GHK: natural skin-repair peptide (copper-binding, found in human blood)

What this is

GHK (glycyl-L-histidyl-L-lysine) is a tiny three-amino-acid peptide that the human body produces naturally and that circulates in plasma, saliva, and urine. Its most notable chemical property is an unusually strong attraction to copper(II) ions — in the body, GHK is believed to exist predominantly bound to copper as the complex GHK-Cu, which is the biologically active form responsible for most observed effects. GHK was first isolated by Loren Pickart in 1973, and plasma levels decline substantially with age, dropping roughly two-fold between the twenties and sixties (Pickart et al. 2015). It is one of the better-characterized peptides in cosmetic and dermatologic science, with decades of published research on skin rejuvenation, wound healing, and collagen production. In skincare and cosmetic formulations it is commonly labeled "copper peptide," "copper tripeptide-1," or "GHK-Cu." The sequence stored here — GHK — is the bare tripeptide backbone; the commercially and biologically relevant species is the copper-chelated complex GHK-Cu, which requires copper loading and is not represented by the three-letter sequence alone.

History

GHK was discovered by Pickart and Thaler (1973) at the University of Washington, who were investigating why plasma from younger donors appeared to restore youthful protein-synthesis activity in older liver tissue. The active factor turned out to be the tripeptide glycyl-L-histidyl-L-lysine, which chelated copper with unusual affinity (Pickart & Thaler 1973, Nature New Biology). Subsequent work over the following decades established that the copper complex — GHK-Cu — is the tissue-remodeling form, and that endogenous plasma GHK declines markedly with age. Through the 1980s and 1990s the compound moved from a plasma curiosity into clinical dermatology, with the company ProCyte commercializing copper-peptide wound-care and cosmetic products. The cosmetic channel has proven the most durable path to market: topical GHK-Cu has been sold as a dermatologic active in creams and serums for more than thirty years. Interest in injectable and compounded systemic forms grew out of the broader peptide-therapy movement of the 2010s, with human data in those categories remaining far behind the topical and preclinical literature.

What it does

GHK-Cu acts as a biological signal that tells tissues to repair and remodel. It stimulates production of collagen (types I and III), decorin, and other structural proteins that keep skin firm and elastic. It attracts immune cells — macrophages and mast cells — to wound sites to accelerate repair, promotes the growth of new blood vessels (angiogenesis), and supports nerve outgrowth.
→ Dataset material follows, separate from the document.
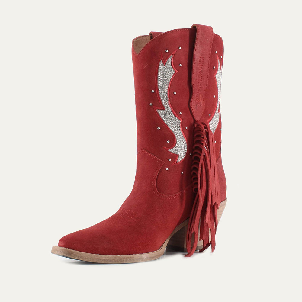 Red Vegan Suede Studded Snip Toe Rhinestone Wide Calf Cowgirl Boots

It also has antioxidant and anti-inflammatory effects, and activates cellular cleanup machinery (the ubiquitin-proteasome system) to remove damaged proteins (Pickart et al. 2012). As a result, GHK-Cu is studied both for cosmetic skin aging and for clinical wound-healing applications.

Evidence

• Human: A 12-week randomized controlled trial found that topical copper tripeptide complex applied after CO₂ laser resurfacing accelerated re-epithelialization and improved skin texture compared with control (Archives of Facial Plastic Surgery, 2006). A separate 12-week facial study in 67 women aged 50–59 with mild to advanced photodamage found twice-daily GHK-Cu cream improved skin laxity, clarity, firmness, and appearance, reduced fine lines and coarse wrinkles, and increased skin density (Pickart et al. 2015, BioMed Research International). A pilot study in 16 patients with distal inflammatory bowel disease reported a mean 60% reduction in disease severity after 12 weeks of rectal GHK-Cu treatment, assessed by endoscopic, histopathological, and symptomatic measures (Mao and colleagues 2025, Frontiers in Pharmacology). No large randomized controlled trials for injectable systemic GHK-Cu have been published.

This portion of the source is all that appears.